:: DATA RECORDS ::

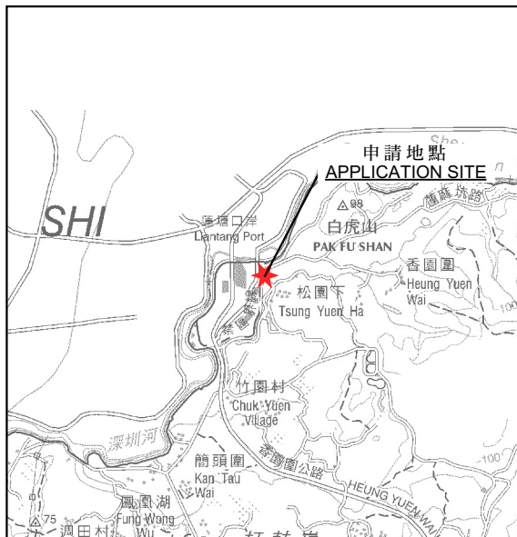
要覽圖 KEY PLAN SCALE 1:50 000 比例尺
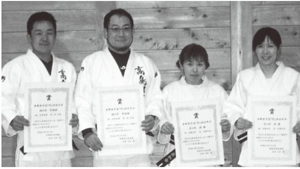
形の大会で大活躍

また、柔道には形 かた の大会もあり、技の基本原理を表した形を修得することも昇段の基準となっています。
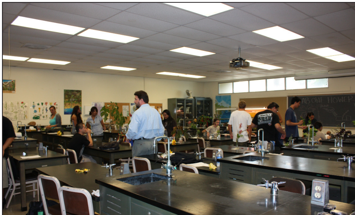
Figura 2. La classe dove è stata condotta l'esercitazione.
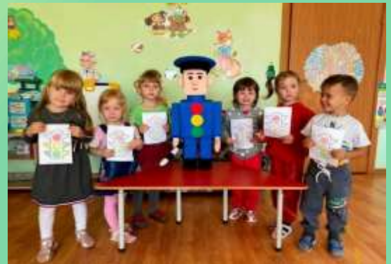
Выставка детских рисунков «Зеленый огонек» в МДОУ детский сад №9
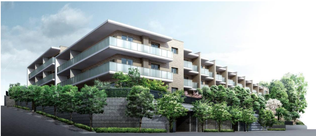
▲南東外観完成予想CG
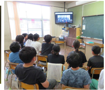
【オンライン学習の様子】

お互いの良さや人気ベスト3などを紹介する場面が見られました。昨年度に続き、とても良好な雰囲気の交流でした。
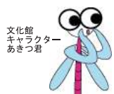
文化館キャラクター あきつ君

■琵琶湖文化館では、滋賀県教育委員会との共催で、文化財講座を開催しています。滋賀の文化財についての最新情報を紹介するこの講座は、毎回定員を超える人気講座となっています。興味のある方は是非お気軽にご参加下さい。
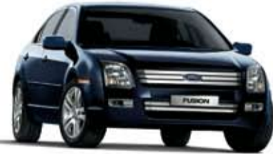
فيوجن موديل ٢٠٠٩
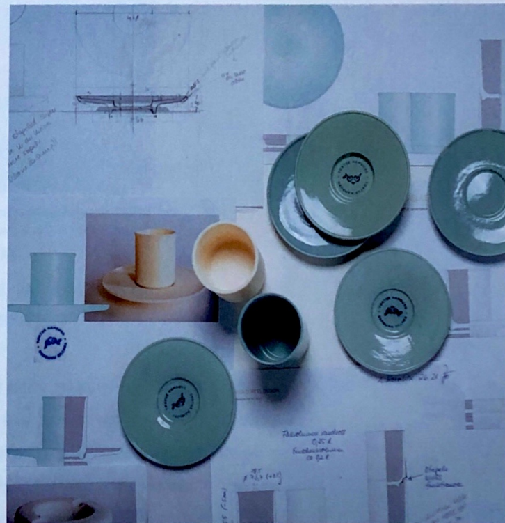
Photos und Zeichnungen: Mikaela Dörfel.
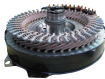
高電圧用平角巻線
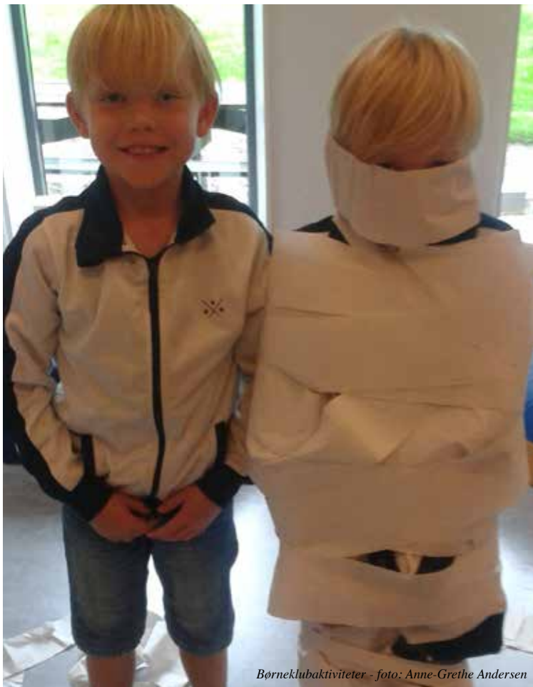
Børneklubaktiviteter - foto: Anne-Grethe Andersen

Gudstjeneste og mad er ikke kun for børnefamilier. Alle aldre er velkomne og alle kan være med.
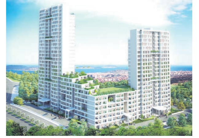
Proje İsmi : Rönesans Sayfiye Şehir : İstanbul Yatırımcı : Rönesans Holding Tarih : 2015
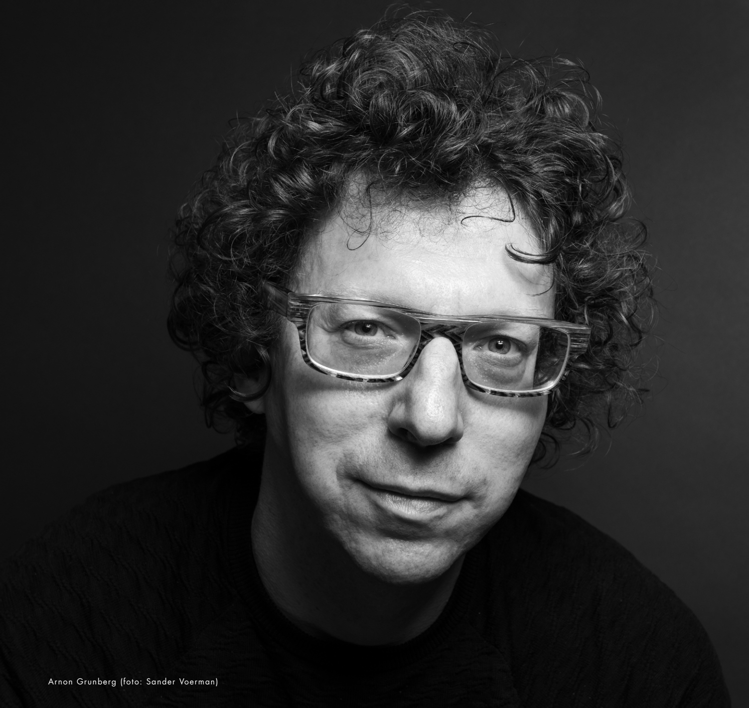
Arnon Grunberg

:: WHAT TO PRODUCE ::
Print exactly the line containing "Proje İsmi : Rönesans" and every line after it through the final line above, and leave all pictures out.

:: ANSWER ::
Proje İsmi : Rönesans Sayfiye Şehir : İstanbul Yatırımcı : Rönesans Holding Tarih : 2015
Arnon Grunberg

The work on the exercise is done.